Я уже копчиком ощущаю преграду.
Н-да.
Не так я себе представляла серьёзный разговор с боссом.
Сомневаюсь, что на всём белом свете найдётся большая неудачница, чем я.
Длинные мужские пальцы в опасной близости от моего носа поправляют крупную пряжку ремня, заставляя меня нервно сглотнуть.
Ну зачем я на это пошла? А?
Мужской запах обволакивает меня.
Практически зажатая между бёдрами генерального, я на панике и ужасно боюсь, что меня в таком положении застукают.
Как на грех, раздаётся стук в дверь директорского кабинета, и прежде чем Зарецкий отвечает, она открывается. Цокот каблучков секретаря запускает во мне нервную дрожь.
— Андрей Владимирович, ваш аспирин, — с придыханием произносит главная офисная сплетница.
Да чтоб у тебя набойки отвалились!
Мне видны мыски её туфель, и я на грани обморока.
Чтобы не выдать себя, двумя руками зажимаю рот и даже зажмуриваюсь, в красках представляя, что сейчас произойдёт.
— Спасибо, — усталый глубокий голос с бархатными нотками, кажется, доводит секретаршу до предоргазменного состояния, она с порнографическими интонациями продолжает предлагать:
— Может, вы хотите что-нибудь ещё? Сделать вам массаж воротниковой зоны?
Это теперь так называется?
Только глухой не услышит в этом, что низы хотят, только вот верхи, похоже, не могут.
— Если Градов мне ничего не передавал, я бы хотел посидеть в тишине. Это реально организовать? — довольно жёстко Зарецкий ставит на место подчинённую. — Сделайте так, чтобы меня не беспокоили.
— Принести документы на подпись? — не унимается эта нимфа.
— Вечером. Мне есть чем заняться. А вам?
Я бы сквозь землю провалилась, если бы меня так отбривали. Ну так то — я.
Я вот дрожу между ног генерального, трепеща, когда щёки слегка касается тонкая льняная ткань его брюк. А повелительницу приёмной не пронимает.
— Ради вас я готова отложить всё. Это входит в мои должностные обязанности…
— Идите, Екатерина, — уже едва сдерживая раздражение, отпускает секретаршу Зарецкий.
Стоит двери за ней закрыться, как я осознаю, что вот теперь мне точно деваться некуда.

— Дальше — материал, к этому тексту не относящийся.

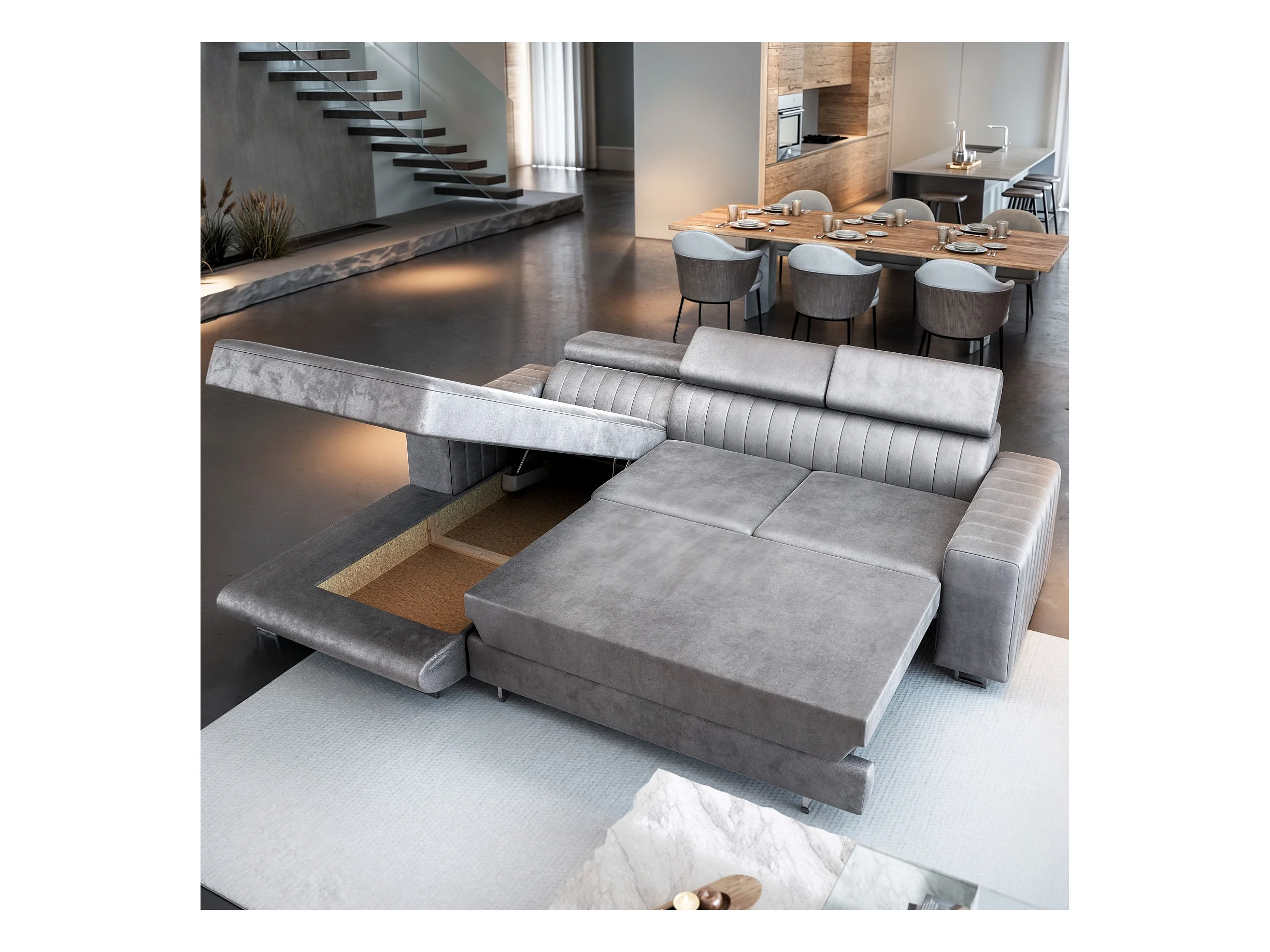 Canapé d'angle NOTO Jaune en velours avec fonction de couchage

И с минуты на минуту произойдёт самое страшное.
Впору начинать молиться, но я не умею.
Я всё ещё не открываю глаза и слышу, как кресло отъезжает от стола, как Андрей, мать его, Владимирович встаёт.
Надежда на то, что он захочет сначала пройти в уборную, брезжит так ярко и заманчиво…
Я всё-таки распахиваю ресницы и… встречаю промораживающий взгляд босса, заглянувшего-таки под стол.
Вижу, как расширяются его зрачки, заволакивая льдисто-серую радужку.
Голос, полный металла и злости, ударяет по нервам:
— И что это значит?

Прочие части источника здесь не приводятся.